→ **Collected data**

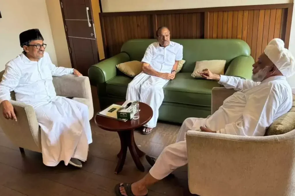 ജിഫ്രി തങ്ങൾ, സാദിഖലി തങ്ങൾ, പി.കെ. കുഞ്ഞാലിക്കുട്ടി എന്നിവർ ചർച്ചക്കിടെ
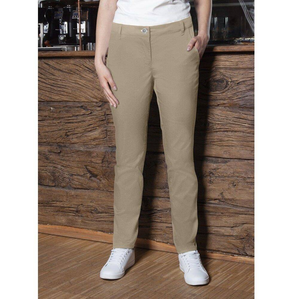 Pantaloni pentru femei cu 5 buzunare de Karlowsky. Culoare piatră gri. Fabricat din 98% bumbac organic cu 2% elastan. Țesătură Twill. Durabil și extensibil. Pantaloni ideali atât pentru muncă, cât și pentru plimbări casual. Acestea au succes în domenii precum bucătărie, servicii, îngrijire, wellness, cosmetică, curățenie și medical. Croială ajustată, conică la baza picioarelor. Există 2 buzunare standard pe partea din față și un buzunar mai mic pentru monede pe partea dreaptă. 2 buzunare pe spate. Pantaloni prevăzuți cu bucle pentru curea.
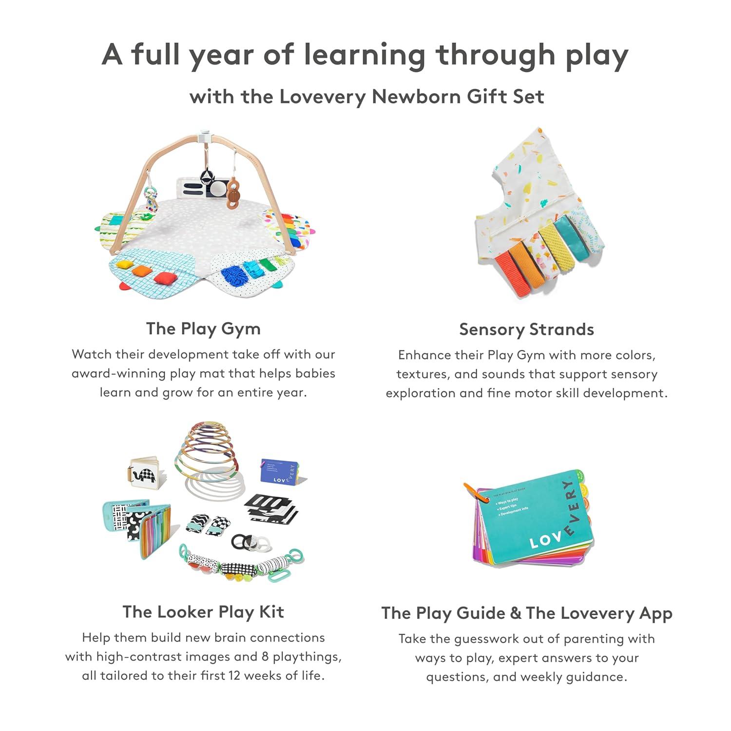 LOVEVERY, The Newborn Gift Set, Play Gym with Sensory Strands and Looker Play Kit, Baby Development Essentials, Ages 0+

→ **Exercise aim**
Reproduce every line of the material above, but drop the pictures.

→ **Response**
 ജിഫ്രി തങ്ങൾ, സാദിഖലി തങ്ങൾ, പി.കെ. കുഞ്ഞാലിക്കുട്ടി എന്നിവർ ചർച്ചക്കിടെ
 Pantaloni pentru femei cu 5 buzunare de Karlowsky. Culoare piatră gri. Fabricat din 98% bumbac organic cu 2% elastan. Țesătură Twill. Durabil și extensibil. Pantaloni ideali atât pentru muncă, cât și pentru plimbări casual. Acestea au succes în domenii precum bucătărie, servicii, îngrijire, wellness, cosmetică, curățenie și medical. Croială ajustată, conică la baza picioarelor. Există 2 buzunare standard pe partea din față și un buzunar mai mic pentru monede pe partea dreaptă. 2 buzunare pe spate. Pantaloni prevăzuți cu bucle pentru curea.
 LOVEVERY, The Newborn Gift Set, Play Gym with Sensory Strands and Looker Play Kit, Baby Development Essentials, Ages 0+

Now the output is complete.